This as-told-to essay is based on a conversation with Vivi Mengjie Xiao, an AI product manager and content creator on RedNote, China’s social media platform. The conversation has been edited for length and clarity.
I’m an AI product manager in China, and earlier this year, my CEO asked me to explore how AI could go beyond cost-cutting, to drive innovation.
Outside of work, I’m a content creator on RedNote, where I share AI tools, workflows, and insights with over 45,000 followers.
I used to spend about four hours a day gathering AI industry news: reading posts on X, newsletters, blog posts, and translating English sources into Chinese. I thought: “Can I automate this?” If AI can handle information gathering, what else can it do? If I’m doing something repetitive, I should automate it.
Each agent was born from a real problem I was experiencing. I created six AI employees, and they’re split between work and personal life.
My foray into OpenClaw
At first, I set up only one “lobster” — a nickname Chinese netizens use for deploying an OpenClaw agent — and tried to make it do everything.
I wanted it to manage my calendar, schedule, to-do list, and monitor my work. I get distracted easily, so I wanted it to help me focus on what I needed to do in the moment and help connect the main thread of my work.
I kept stuffing other tasks into it as well, such as assigning it to manage my finances.
The result of putting all of that on one lobster was that its context became long and messy. It basically became ADHD like me: jumping from one thing to another without helping me focus. It was running three work streams at once. That wasn’t going to work, so I split tasks up and assigned them to different lobsters.
Over time, the six AI employees naturally organized into personal vs. work, and within each category, into clear roles.
I have three work agents: the administrative assistant, the researcher, and the chief of staff.
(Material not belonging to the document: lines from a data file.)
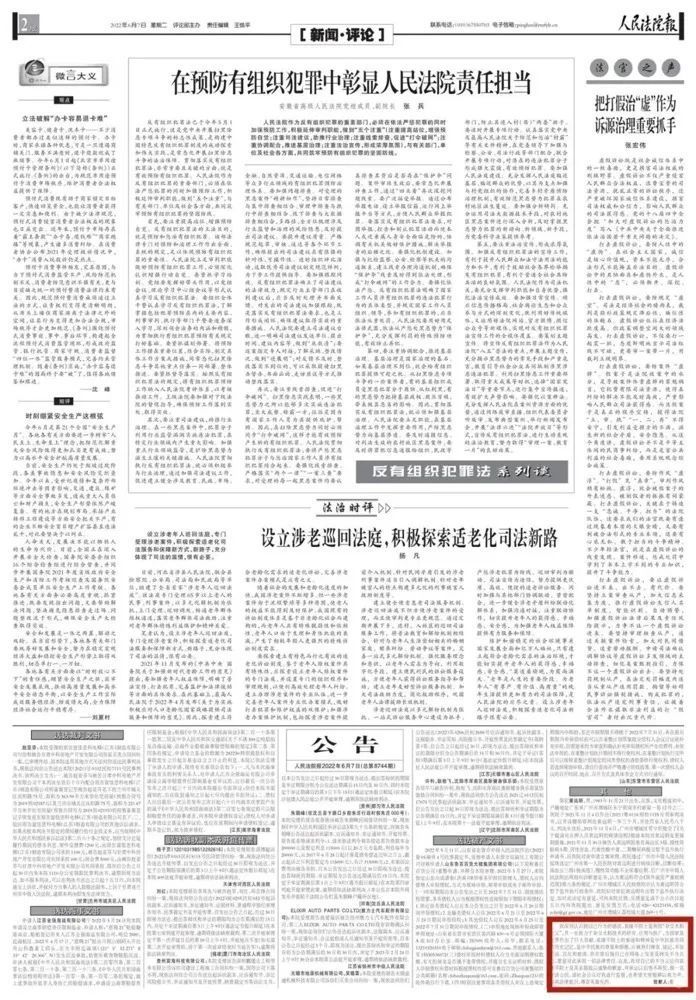 6月7日,张某履行生效判决义务,就其侵害袁隆平院士名誉、荣誉的错误言论在《人民法院报》上公开赔礼道歉。
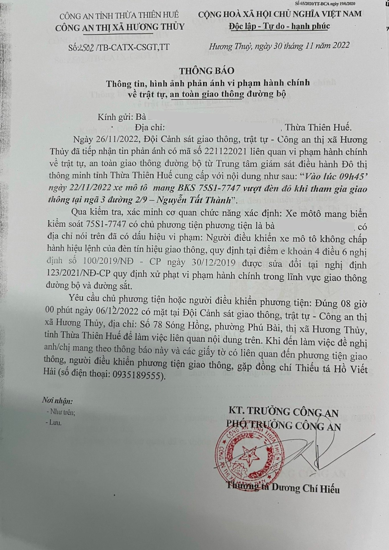 Vấn đề Ông/Bà phản ánh, Công an tỉnh đã chỉ đạo Công an thị xã Hương Thủy xin thông báo kết quả xử lý như sau:
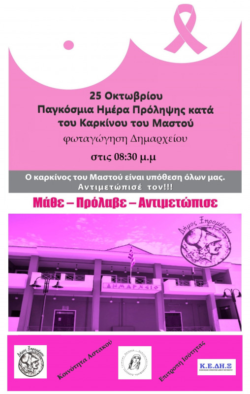 Συμμετέχουμε στην παγκόσμια φωταγώγηση κτηρίων και στην εκστρατεία της Ελληνικής Αντικαρκινικής Εταιρείας την Τρίτη στις 25 Οκτωβρίου και ώρα 8:30 μ.μ. με φωταγώγηση του Δημαρχείου.
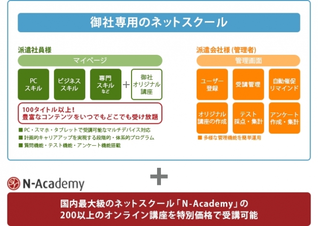 こうしたニーズにお応えすべく、厚生労働省が掲げる「派遣社員のキャリアアップにつながる教育訓練」の要件を満たす派遣会社様向けのキャリア形成支援制度対応eラーニングコンテンツサービスを、受講者数23万人超(※)を誇る国内最大級のネットスクール「N-Academy」が、200以上の講座配信実績を強みに低価格でお届けするものです。
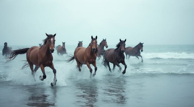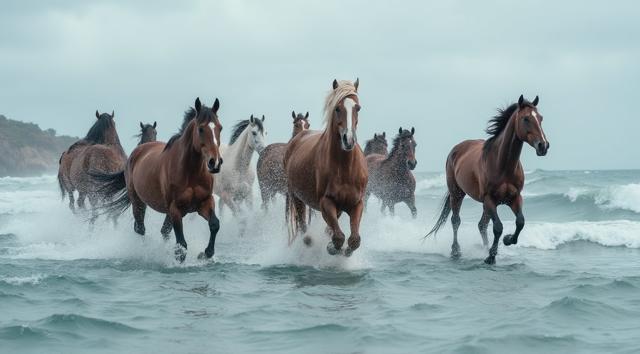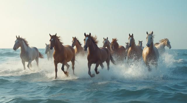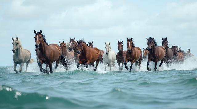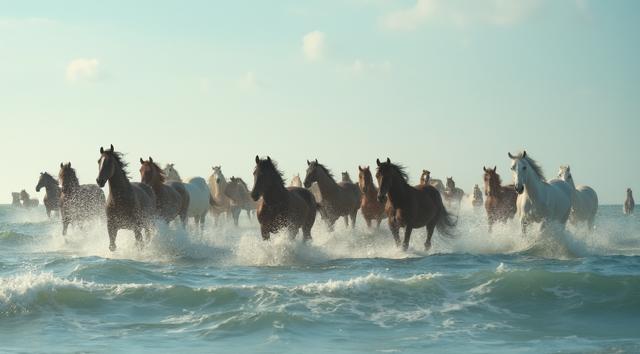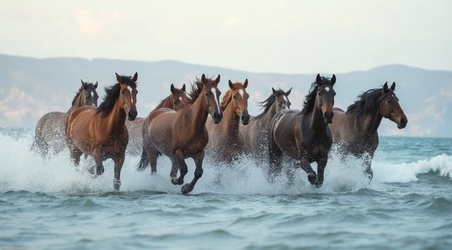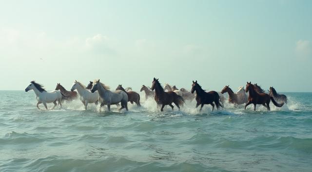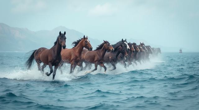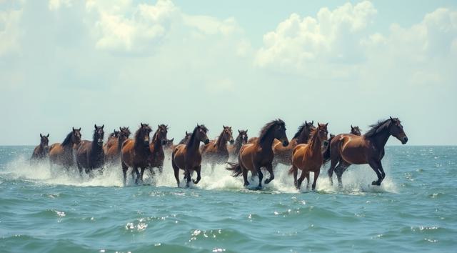 Табун гнедых лошадей плывет по океану
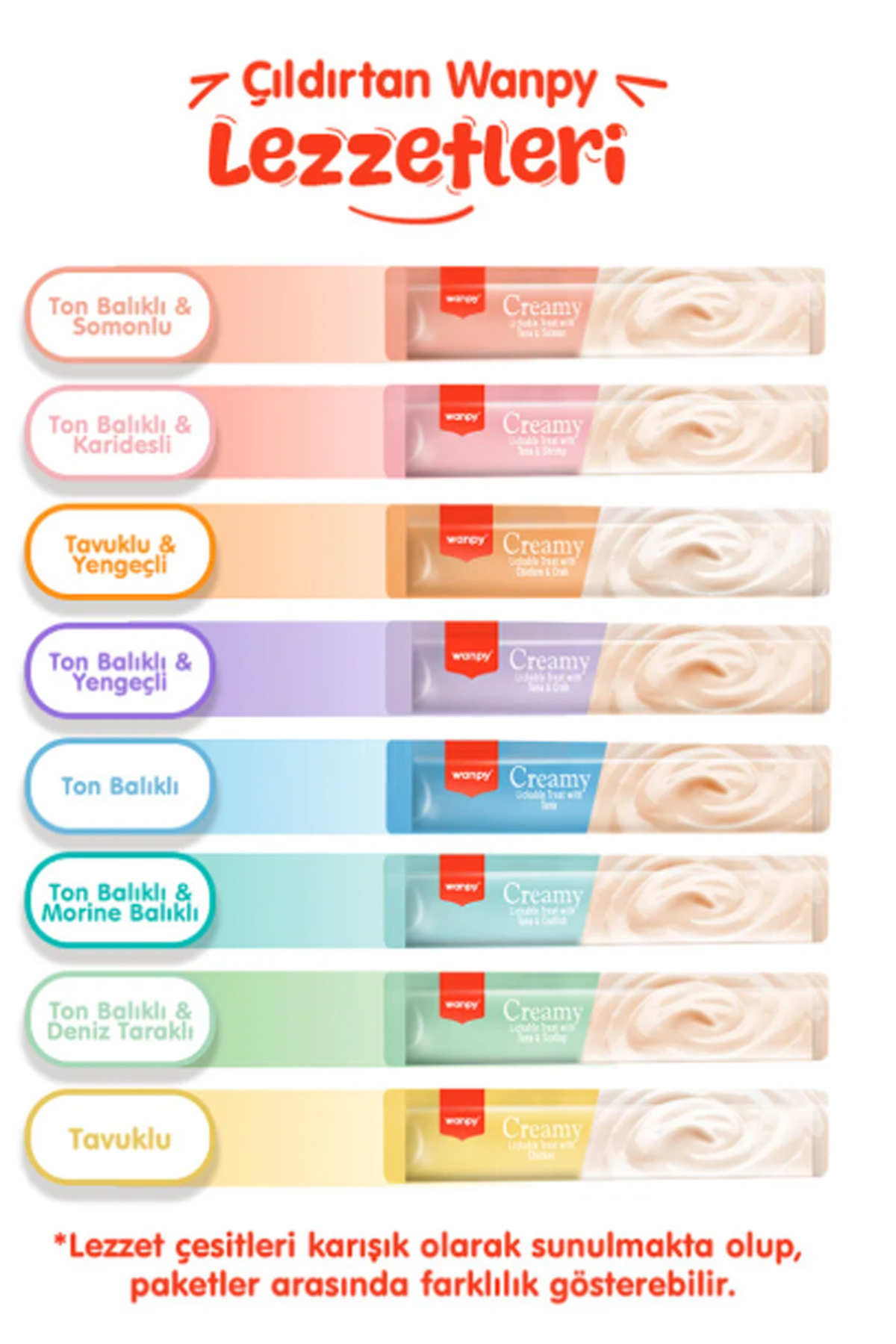 Wanpy Creamy Cat Treat Karışık Krema Sıvı Kedi Ödül Maması 45 Adet X 14 Gram
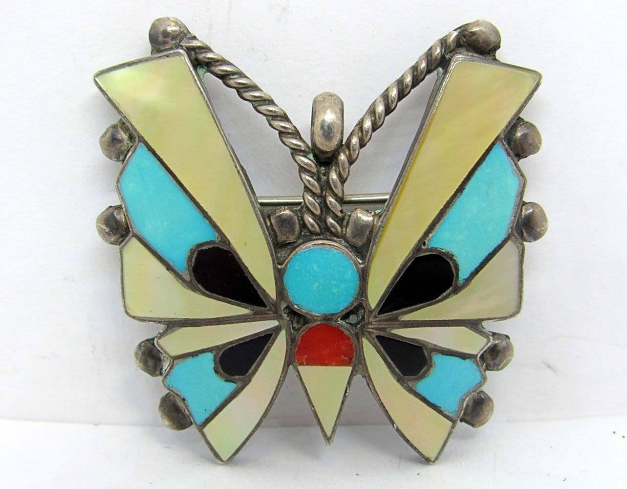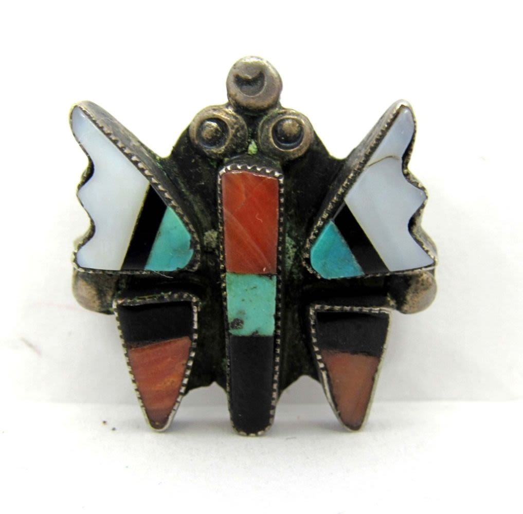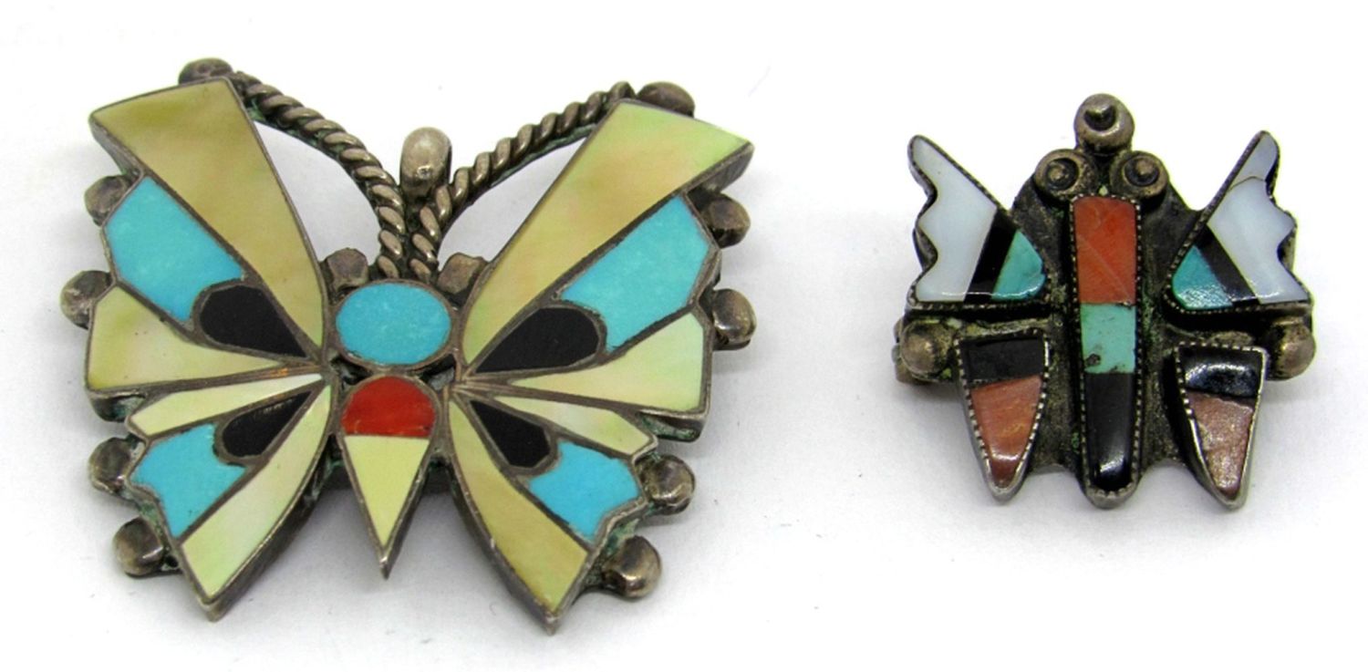 LARGE BUTTERFLY PIN/PENDANT ENGRAVED “R NE HA ZUNI NM” – SMALL ENGRAVED “MAP” (7 dwt)
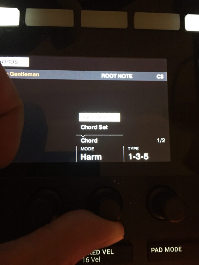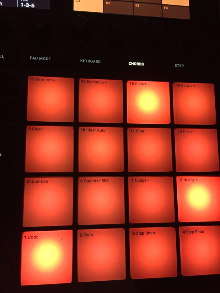 パッドの右上のCHORDSをおしたら、コードモードになりました。やったー。
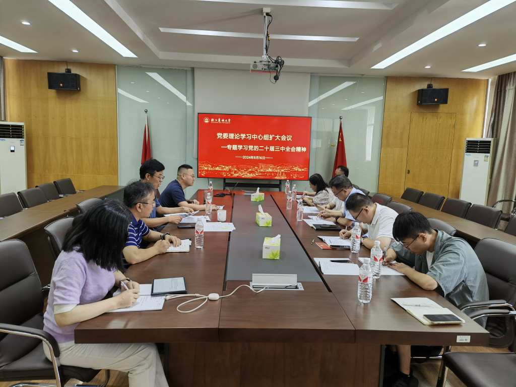 8月16日,林生院党委召开理论学习中心组扩大会议,专题学习贯彻党的二十届三中全会精神。会议由学院党委书记郑炳松主持,理论学习中心组成员及教工党支部书记参加会议。
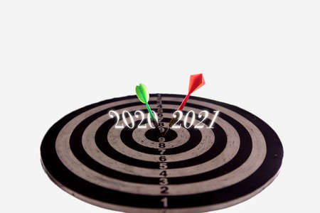 Business and finance concept. On a pink background, a man's hand holds a red dart with the inscription 2021.
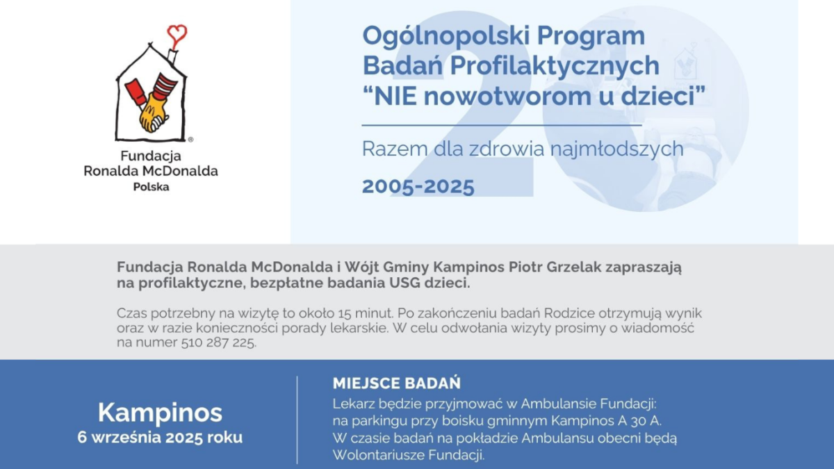 Fundacja Ronalda McDonalda oraz Wójt Gminy Kampinos zapraszają na profilaktyczne, bezpłatne badania USG dzieci.
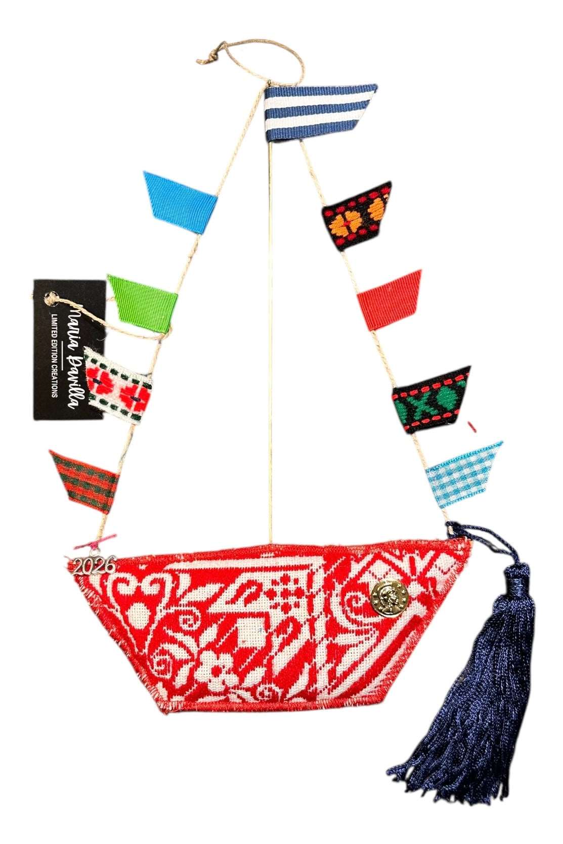 Maria Davilla - Χειροποίητο Μεγάλο Καράβι από Υφαντό Με Σημαιάκια Κόκκινο
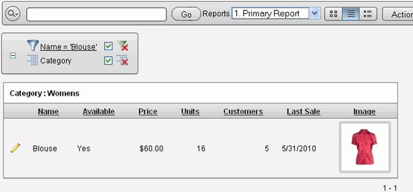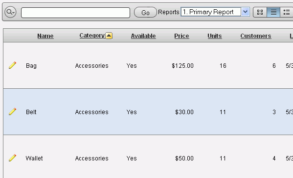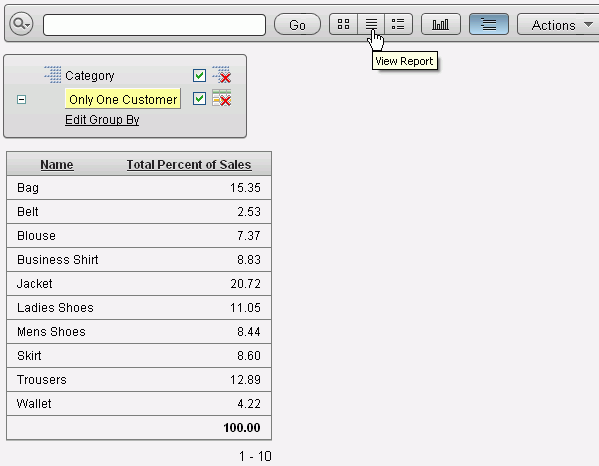 The Group By report is displayed. Notice that each product is listed with its percentage of the total sales. Click the View Report icon to return to your previous report.
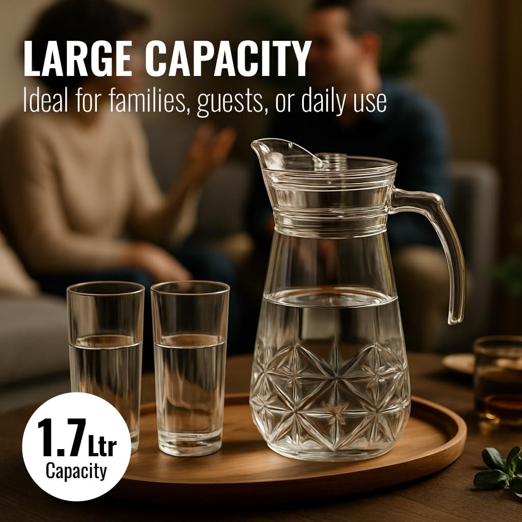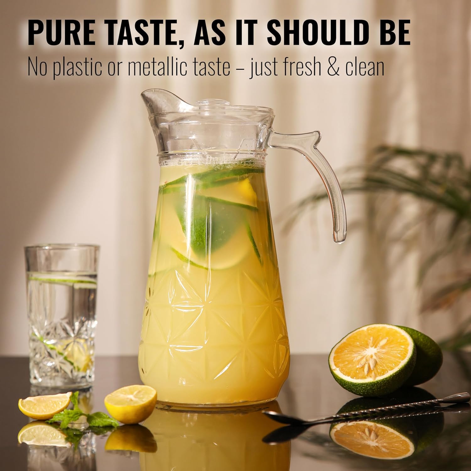 Water Jug – Detox Glass Jugs with Lid for Dining Table – Elegant 1700 ml Transparent Pitcher for Juice, Iced Tea, Infused Water, Milk, Lemonade, Hot & Cold Beverages, WATERJUGS_CRISTELLO_1700ML
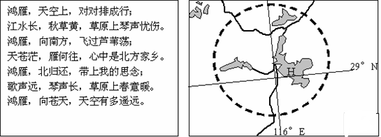 1.若游人在图中H湖观赏到大量的鸿雁群,则最可能是在2.根据图文信息,观赏鸿雁要
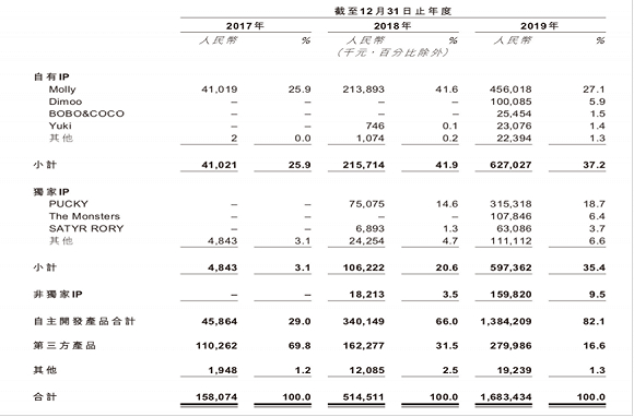 2017年-2019年,Molly分别占其总收益的25.9%、41.6%与27.1%,有所下滑,这或许是团队有意在加强自有IP的丰富度。
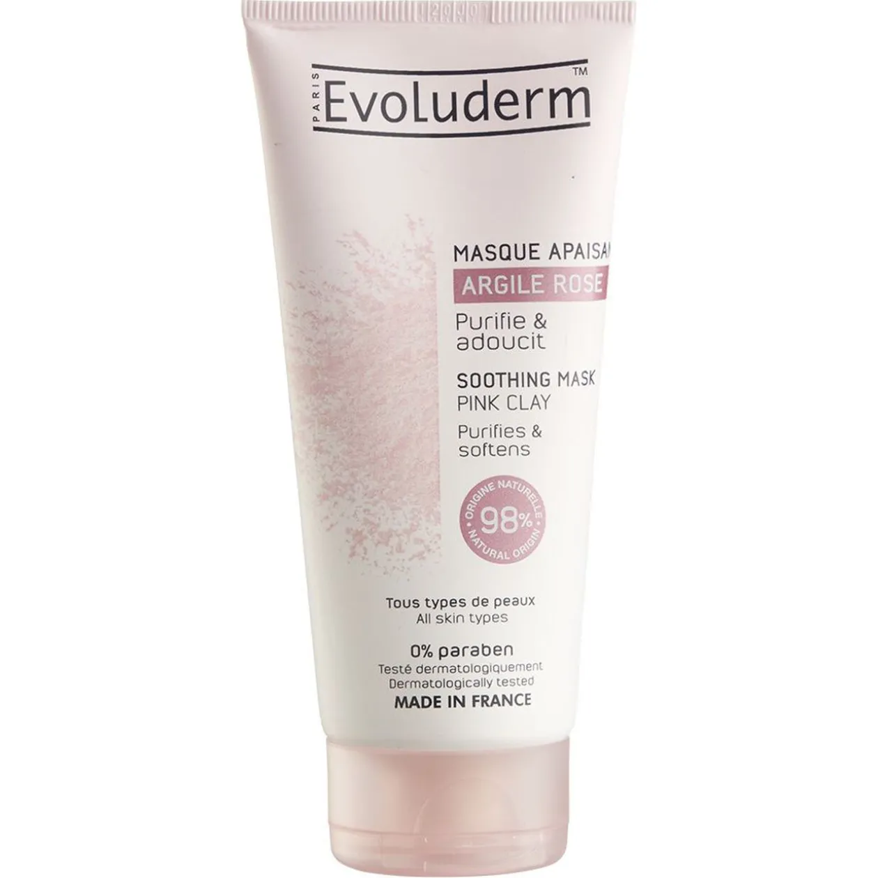 Masque apaisant Evoluderm enrichi à l’argile rose, laisse la peau douce et purifiée.

The chief of staff simulates my boss’s communication style, and I use it to practice and polish presentations. For personal agents, I have a life coach, a content and expression assistant, and a finance assistant.
It felt like building a real team. It makes sense — you don’t hire six people on day one. You start with one, and as the workload grows, you specialize.
The compound effect of having them connected surprised me. The life coach can read conversations from all five other agents. I use the life coach agent to help me journal daily, and now 70% of my journaling is automated. The agent knows everything — what I researched, what I invested in, and what I stressed about in my presentation rehearsal.
I’m more productive, but also more tired
About 60% to 70% of my daily operational work is handled by these AI agents, including information gathering, research, and content distribution.
However, my workday hasn’t gotten shorter. I’ve shifted from doing “grunt work” to doing more creative, strategic, and high-leverage work. The AI employees freed up capacity for significantly more output.
I’m more productive by any conventional metric. I publish podcast episodes daily, monitor financials in real time, run a knowledge management system, and create content for RedNote and X — all while working full-time.
Honestly, I’m also more tired. This is a paradox I’ve been thinking about: When your efficiency goes up, you don’t work less. You just attempt more.
My bedtime has shifted from midnight to 2 a.m. because there’s always one more thing I want to do, or one more agent I could spin up to solve a new problem.
The future of work
We’re witnessing a fundamental shift in what “work” means.
The Industrial Revolution standardized physical labor. The information revolution standardized knowledge work. And now, AI is standardizing execution work — the “how” of getting things done.
This means the premium is shifting from execution ability to three things: taste and judgment, ability to direct AI, and emotional intelligence.
The future of work is “one-person studios,” solo creators and operators who leverage AI to produce at team-level scale. For companies, the question becomes: do you need 10 junior analysts, or one senior thinker with 10 AI agents?
This isn’t about replacing humans. It’s about liberating humans to do more human work. The parts AI takes away were never the parts that made work meaningful. The parts that remain — creativity, judgment, connection, purpose — are what make us human.
Building a team of six AI agents feels like going from being a solo freelancer to being the CEO of a small company, except your team never sleeps, never complains, and works for the cost of API subscriptions.
I’ve become a more structured thinker, a clearer communicator, and a more ambitious creator. I now think in terms of “which agent should handle this?” for almost every task. AI expanded my sense of what’s possible for one person to build.